Todo se arreglaría al día siguiente, pensó cuando se calmó con su propio llanto.  Había que esperar a que saliera el sol. En efecto. Mañana será otro día, arrópate y duerme. Tras una noche de tormenta, de rayos y truenos juntos, el amanecer fue sereno, regando el sol de tenues rayos la tierra empapada y caldeando al aire. Acude Claudia guapísima a la universidad donde está becada. Encuentra su laboratorio. Todo parece fácil hoy. Se cruza en un pasillo con el chico más guapo que ha visto en su vida. Sonríe hacia dentro.  Por fuera sus mofletes se vuelven encarnados. Él la mira y hace una leve inclinación de cabeza, insinuando un saludo con los ojos. 

Al cabo de unos días, ya va adaptando su vida y su rutina al vino y la mantequilla que sustituyen a las cañas y el aceite de oliva. Compra cruasanes recién hechos y fruta por unidades. Madruga más, se acuesta antes. Es la Europa occidental, con sus costumbres y sus horarios. Alquila una bici. Usa boina y bufanda. Fuma tabaco liado. Trabaja sin parar y disfruta su estancia.

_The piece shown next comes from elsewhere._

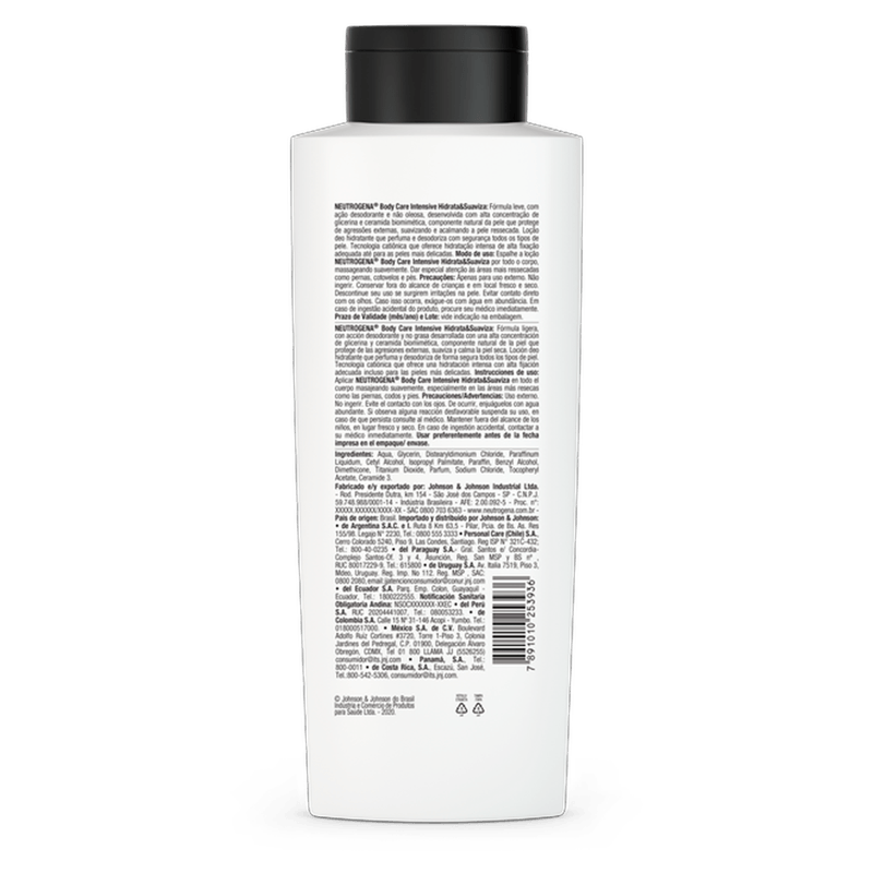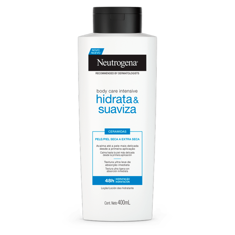 O Hidratante Corporal NEUTROGENA® Body Care Intensive Hidrata e Suaviza é ideal para peles secas e extra secas, proporcionando hidratação intensa e suavização desde a primeira aplicação. Com uma fórmula avançada que contém alta concentração de Ceramidas, este hidratante acalma até as peles mais delicadas, protegendo contra agressões externas. Sua textura ultraleve e não oleosa garante absorção imediata, enquanto a hidratação se mantém por até 48 horas. É uma loção que também perfuma e desodoriza, sendo adequada para todos os tipos de pele. Para melhores resultados, aplique especialmente nas áreas mais ressecadas, como pernas, cotovelos e pés. Mantenha fora do alcance de crianças e evite contato com os olhos. Em caso de irritação, suspenda o uso e consulte um médico.

Una tarde, camina hacia su casa.  Se le están alargando los brazos porque ha comprado demasiadas cosas. Acaba de cobrar y todo lo que ve en el pequeño economato, le resulta apetecible. Compra con el estómago vacío.  En contra de las normas más elementales de buena práctica. Cuando empieza a llover, levanta la mano en cuanto ve un taxi. ¿Quién era el taxista? El chico más guapo del mundo, que vio el primer día en la universidad. Hace ya casi una semana. Cuando todavía no era francesa, como hoy. Se vuelve a poner colorada como un tomate. No le salen las palabras. Él sonríe, la ayuda con las bolsas y sin hablar, la lleva a la pensión.  Es un pueblo chiquitito. Todos conocen a la italiana que investiga como se defiende del frío la fresa. El chico más guapo del mundo resultó vivir en la pensión  de Claudia. Ese día había echado unas horitas en el taxi de un pariente para sacarse un cuartos. Pared con pared con Claudio. Cuando Claudia vio que el chico aparcaba el coche, la ayudaba con la compra y se quitaba el abrigo, no sabía si reír o llorar. El se presentó, también era investigador, belga.  Claudia sonrió, se acordó de Tintín, las patatas fritas y Axtérix. Recordó Bruselas, Brujas. Este fue solo el principio de una larga historia.